Gue juga belajar jadi istri yang punya gentle and quiet spirit. Apakah gue merongrong dan menuntut suami untuk ngumpulin duit lebih lagi? Apa gue ngedumel saat ngadepin kesulitan? Dan pelajaran yang terpenting untuk gue adalah, “Pada saat gue bilang gue mau mempercayai-Nya, seberapa jauh gue sungguh-sungguh mempercayai-Nya? Kita selalu bilang Tuhan adalah provider kita. Kita sudah seringkali mengalami kesulitan keuangan dan kita selalu percaya Dia selalu mencukupi. Pelajaran tersebut terus menerus diterapkan dalam keluarga kita. And that’s where God build us... the next level of faith, every time.

Kita tidak pernah menyesali kita harus ngalamin ini semua, malah dengan semua yang sudah terjadi, kita semakin mengenal karakter-Nya, dan sudah tentu karakter kita juga. Apakah kita benar-benar mempercayai-Nya dalam hal keuangan? Dan Tuhan juga semakin membuka diri-Nya bagi kita.

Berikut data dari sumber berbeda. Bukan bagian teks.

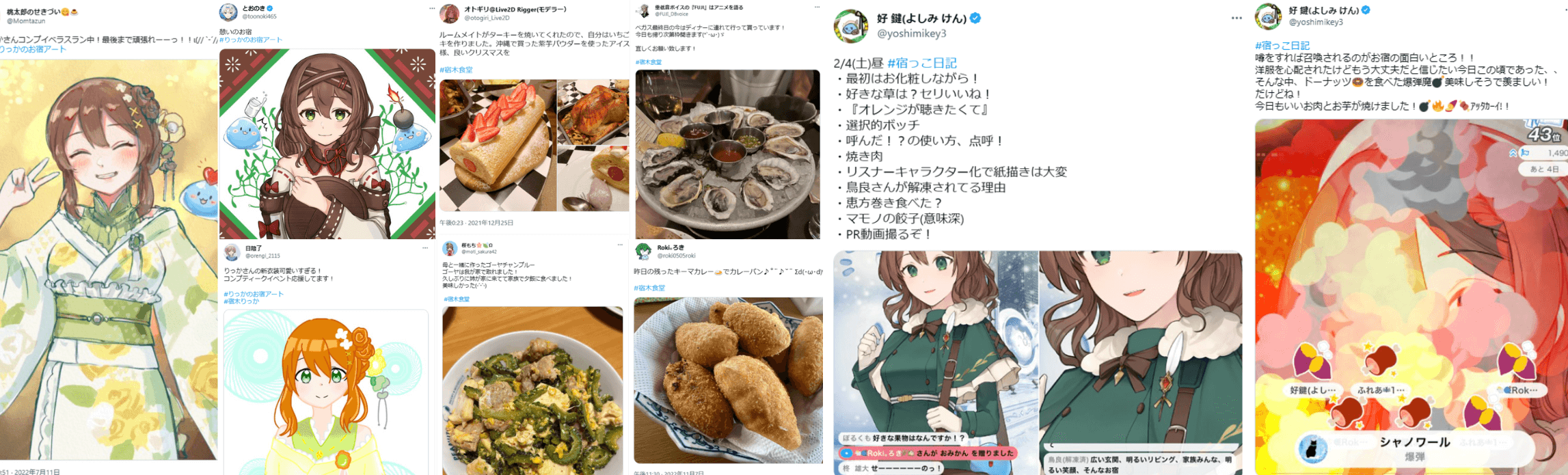 Twitterで言うと、日々の配信記録をまとめた「#宿っこ日記」、おいしいごはんタグ「#宿木食堂」に筋トレ履歴の「#宿木ビルドアップ部」などがありますが、元はすべてリスナーさん発信なんです。特に「#宿木食堂」は、宿っこ経由で美味しそうな画像がどんどんアップされるので、いまや私のタグだとはご存じない方々にも楽しんで閲覧いただけているようで。そんな広がりもまた嬉しいですし、もちろんお宿を知ってもらう機会につながることもあります。そんな風に、配信をきっかけにこちらが想像していないモノやコトが次々と生まれてくるんですよね。リスナーさんっていろんな意味でライバーを助けてくれる存在だなって思います。

Gue ngerti beberapa orang gak memahami bahwa inilah cara Tuhan bekerja di keluarga kami. Ini bukan masalah kekurangan uang, tapi ini adalah bagaimana Tuhan seringkali mencukupi keluarga kami. Kita melayani Allah yang hebat, kita bersaksi tentang hal ini semua karena kita pengen tunjukan betapa HEBATNYA TUHAN kita. Terkadang orang sering bilang Tuhan itu hebat, tapi kita ga sungguh-sungguh memahami bagaimana hebatnya Tuhan itu, sampe kita bener-bener ngalamin sendiri dan memperoleh damai sejahtera yang lebih besar. Damai sejahtera yang melampaui segala akal manusia. Damai sejahtera yang kita dapetin karena kita mempercayai-Nya 100%.


Nah kenapa kita kok mengalami kesulitan keuangan, padahal kita melakukan pekerjaan Tuhan dan setia melayani? Bukannya kalo kita pelayanan, cari Tuhan, cari dahulu kerajaan-Nya, kita akan dapat berlimpah-limpah?


Pasti ada rencana Tuhan mengapa kita mengalami hal tersebut dan mengapa Tuhan ijinkan. There is an eternal divine purpose. Yang lebih sering kita ngeliatnya adalah bagaimana kejadian tersebut berdampak sekarang oleh situasi tersebut, tapi sedikit yang kita pahami bahwa Tuhan pake situasi tersebut untuk membuat banyak persiapan bagi panggilan dan masa depan kita.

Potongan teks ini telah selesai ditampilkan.